### Work to complete
Lines to restate from the data below: from the one containing "先着10社に限り、本部250万円、支部100万円での登録が可能です。" to the one containing "7 in 1 Emergency", both included. Give them again exactly, and only them.

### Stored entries
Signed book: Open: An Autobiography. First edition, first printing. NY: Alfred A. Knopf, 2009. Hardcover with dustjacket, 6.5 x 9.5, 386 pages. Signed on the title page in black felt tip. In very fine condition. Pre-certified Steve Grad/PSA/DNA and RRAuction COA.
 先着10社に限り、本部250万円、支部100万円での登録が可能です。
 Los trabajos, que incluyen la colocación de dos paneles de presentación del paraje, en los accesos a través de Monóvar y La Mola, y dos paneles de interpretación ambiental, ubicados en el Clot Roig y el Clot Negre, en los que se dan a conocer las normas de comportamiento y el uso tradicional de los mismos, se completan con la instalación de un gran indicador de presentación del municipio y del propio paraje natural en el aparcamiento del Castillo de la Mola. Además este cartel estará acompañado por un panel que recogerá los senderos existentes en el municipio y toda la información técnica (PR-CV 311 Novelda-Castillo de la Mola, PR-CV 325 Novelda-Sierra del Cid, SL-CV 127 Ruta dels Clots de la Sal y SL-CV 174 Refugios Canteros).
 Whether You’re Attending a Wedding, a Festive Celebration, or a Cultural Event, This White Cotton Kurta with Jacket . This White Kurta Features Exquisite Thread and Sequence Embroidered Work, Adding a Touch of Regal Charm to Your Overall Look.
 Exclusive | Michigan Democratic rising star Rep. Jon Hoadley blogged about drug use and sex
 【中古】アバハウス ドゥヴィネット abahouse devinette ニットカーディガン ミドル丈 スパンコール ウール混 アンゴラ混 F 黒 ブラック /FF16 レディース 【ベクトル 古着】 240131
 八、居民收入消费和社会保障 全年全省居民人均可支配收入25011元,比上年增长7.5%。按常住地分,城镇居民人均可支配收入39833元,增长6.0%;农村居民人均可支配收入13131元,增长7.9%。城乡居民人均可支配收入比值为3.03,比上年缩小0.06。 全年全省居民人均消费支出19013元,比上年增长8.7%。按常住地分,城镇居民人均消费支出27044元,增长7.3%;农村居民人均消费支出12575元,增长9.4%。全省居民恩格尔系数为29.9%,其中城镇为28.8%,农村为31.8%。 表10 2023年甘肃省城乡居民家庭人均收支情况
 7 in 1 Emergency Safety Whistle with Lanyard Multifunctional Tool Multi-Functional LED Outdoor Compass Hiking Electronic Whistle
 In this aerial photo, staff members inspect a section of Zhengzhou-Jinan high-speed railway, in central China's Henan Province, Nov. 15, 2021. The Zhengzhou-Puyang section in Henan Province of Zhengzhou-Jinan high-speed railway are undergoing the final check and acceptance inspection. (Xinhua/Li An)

### Answer for this exercise
 先着10社に限り、本部250万円、支部100万円での登録が可能です。
 Los trabajos, que incluyen la colocación de dos paneles de presentación del paraje, en los accesos a través de Monóvar y La Mola, y dos paneles de interpretación ambiental, ubicados en el Clot Roig y el Clot Negre, en los que se dan a conocer las normas de comportamiento y el uso tradicional de los mismos, se completan con la instalación de un gran indicador de presentación del municipio y del propio paraje natural en el aparcamiento del Castillo de la Mola. Además este cartel estará acompañado por un panel que recogerá los senderos existentes en el municipio y toda la información técnica (PR-CV 311 Novelda-Castillo de la Mola, PR-CV 325 Novelda-Sierra del Cid, SL-CV 127 Ruta dels Clots de la Sal y SL-CV 174 Refugios Canteros).
 Whether You’re Attending a Wedding, a Festive Celebration, or a Cultural Event, This White Cotton Kurta with Jacket . This White Kurta Features Exquisite Thread and Sequence Embroidered Work, Adding a Touch of Regal Charm to Your Overall Look.
 Exclusive | Michigan Democratic rising star Rep. Jon Hoadley blogged about drug use and sex
 【中古】アバハウス ドゥヴィネット abahouse devinette ニットカーディガン ミドル丈 スパンコール ウール混 アンゴラ混 F 黒 ブラック /FF16 レディース 【ベクトル 古着】 240131
 八、居民收入消费和社会保障 全年全省居民人均可支配收入25011元,比上年增长7.5%。按常住地分,城镇居民人均可支配收入39833元,增长6.0%;农村居民人均可支配收入13131元,增长7.9%。城乡居民人均可支配收入比值为3.03,比上年缩小0.06。 全年全省居民人均消费支出19013元,比上年增长8.7%。按常住地分,城镇居民人均消费支出27044元,增长7.3%;农村居民人均消费支出12575元,增长9.4%。全省居民恩格尔系数为29.9%,其中城镇为28.8%,农村为31.8%。 表10 2023年甘肃省城乡居民家庭人均收支情况
 7 in 1 Emergency Safety Whistle with Lanyard Multifunctional Tool Multi-Functional LED Outdoor Compass Hiking Electronic Whistle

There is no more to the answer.